One of the demon creatures died with a Qar arrow in its eye all the way to the feathers. It thrashed and gurgled wetly for a long time until the life finally leaked out of it. Another stumbled as it charged and was then jabbed with fairy-spears until it went mad and tumbled over the railing—it roared like receding thunder all the way down. The last, as far as Vansen could tell, was set on fire somehow from within and died in a smoking mass in the middle of the balcony, leaving a corpse that looked like a chimney hit by lightning.
Vansen sat up, his arm and leg throbbing horribly, trying to make sense out of what was happening. Where were the rest of the autarch’s soldiers? Why had they stopped attacking? Had his Funderlings actually defeated the Xixians with the last-moment help of the Qar?
A tall warrior in gray Qar armor came toward him across the balcony. “Ferras Vansen,” this newcomer said, crouching at his side. “By the gods, I never thought I’d see you again. Never.” The stranger took off his helmet and for a moment Ferras Vansen could only stare at the shock of red hair in aching bemusement.
“Barrick . . . ?” he said at last. “Prince Barrick? Is it really you?”
The prince gave him a cold, serious gaze. He looked ten years older. “Yes, it’s me, Captain. How are your wounds? Will you survive?”

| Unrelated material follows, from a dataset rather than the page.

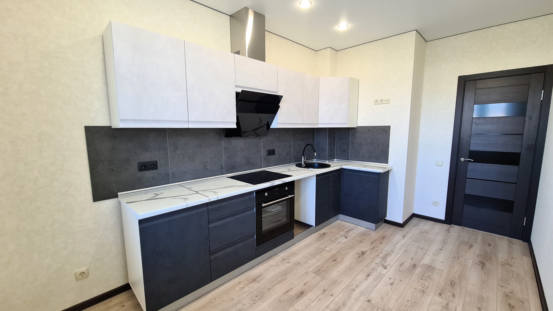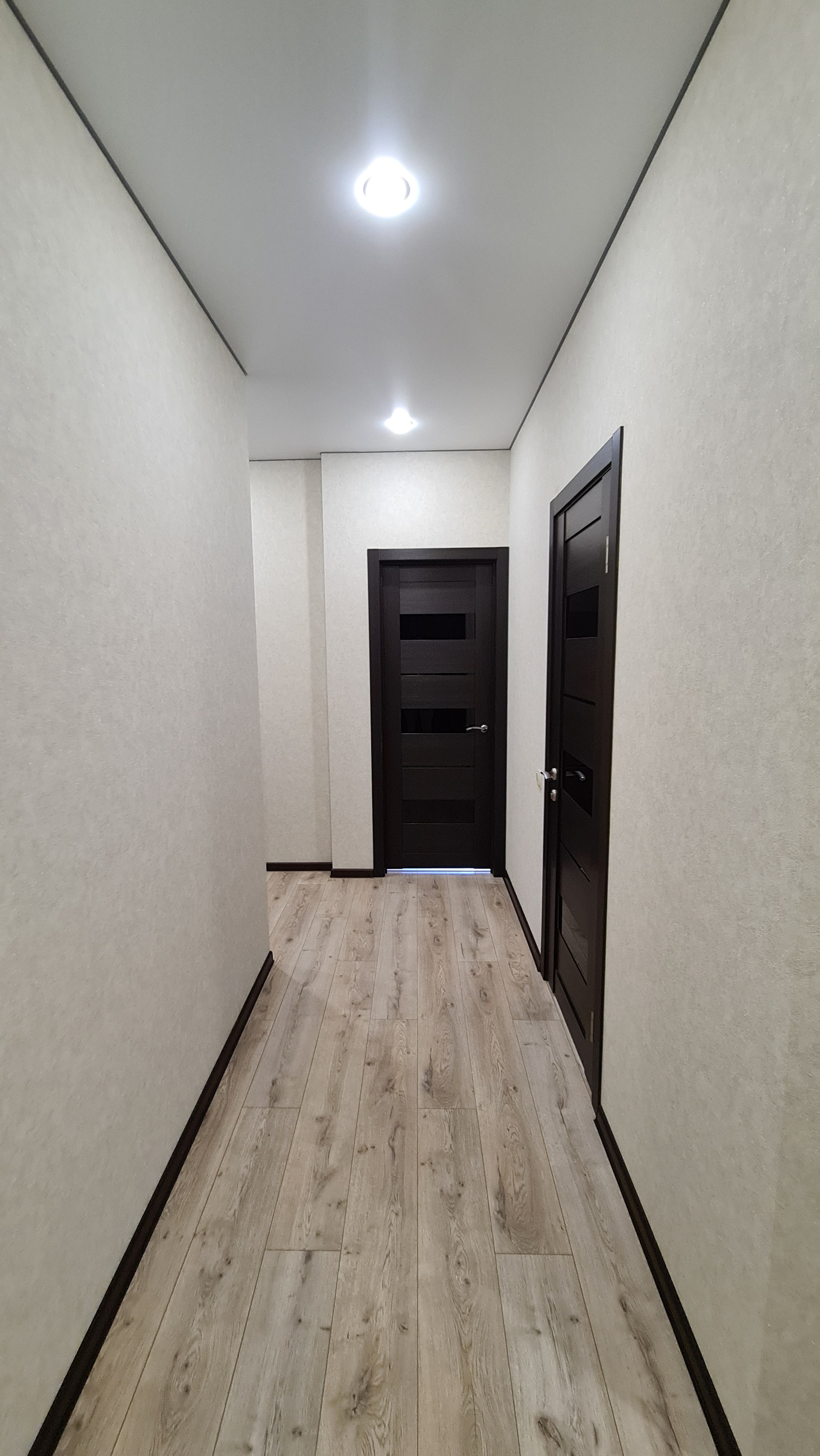 Стены идеально выровнены, оштукатурены, отшпаклеваны и оклеены хорошими обоями. По всей квартире проведён интернет и тв. При входе большая гардеробная. Потолки натяжные, на полу ламинат 33 класса прочности, межкомнатные двери в классическом стиле цвета Венге.

“I . . . I expect so ...” Vansen shook his head in amazement. “But how do you come here? How did you escape from the shadowlands?”
A human expression, a little smile, twisted Barrick Eddon’s lips. “I’m sure we both have many stories to tell ...” he began, then another Qar woman hastened up, one Vansen recognized. It was Yasammez’ gray-skinned adviser, Aesi’uah.
“Captain Vansen,” she said. “It is good to find you alive.” She turned to Barrick. “Saqri says we cannot delay. It is a feint, as she feared. They are already gone.”
“What?” Vansen struggled to get up. He hated this feeling of weakness. “Who is already gone?”
“The southerners,” Aesi’uah said. “This last attack by the autarch’s Stone Swallowers was meant to destroy you and your men, but he was not waiting for you to die. There are long stairways back in the Maze which lead far down, then cross under the Sea in the Depths to the island where gods fought and died—the place where the Shining Man stands. The autarch and his priests and soldiers stealthily went that way while we fought. They have slipped past beneath us.
“Despite all your bravery and all our haste, Captain Vansen, we have lost.”
36
When the Knife Falls
“The poor Orphan had to wrap the piece of the sun in oak leaves, but at last these also burned away and he had no other choice but to carry it in his soft hands.”
 
—from “A Child’s Book of the Orphan, and His Life and Death and Reward in Heaven”
 
 
 
“I
T IS A HANDSOME THING, is it not?” Hendon Tolly held it up so Matt Tinwright could see it; but in fact Tinwright could see almost nothing else: the blade was so close and its presence so alarming that his eyes nearly crossed. The knife was as long as Tinwright’s forearm and palm, its slender jade handle inlaid with unfamiliar golden symbols, as was the even slenderer blade. “It is Yisti work, I was told, from the southern part of Xand,” Tolly said. “A
ghostmaker
, it is called. We will see if it is also a godmaker.” He laughed, but it seemed perfunctory. Tolly was pale and sweating, as if, despite his usual air of confidence, the events of the last few days had shaken him very deeply. “Just think, poet! A thousand years or more it lay in a Hierosoline tomb, and you will be the first to wield it again in all that time. That is something worth making a rhyme about!”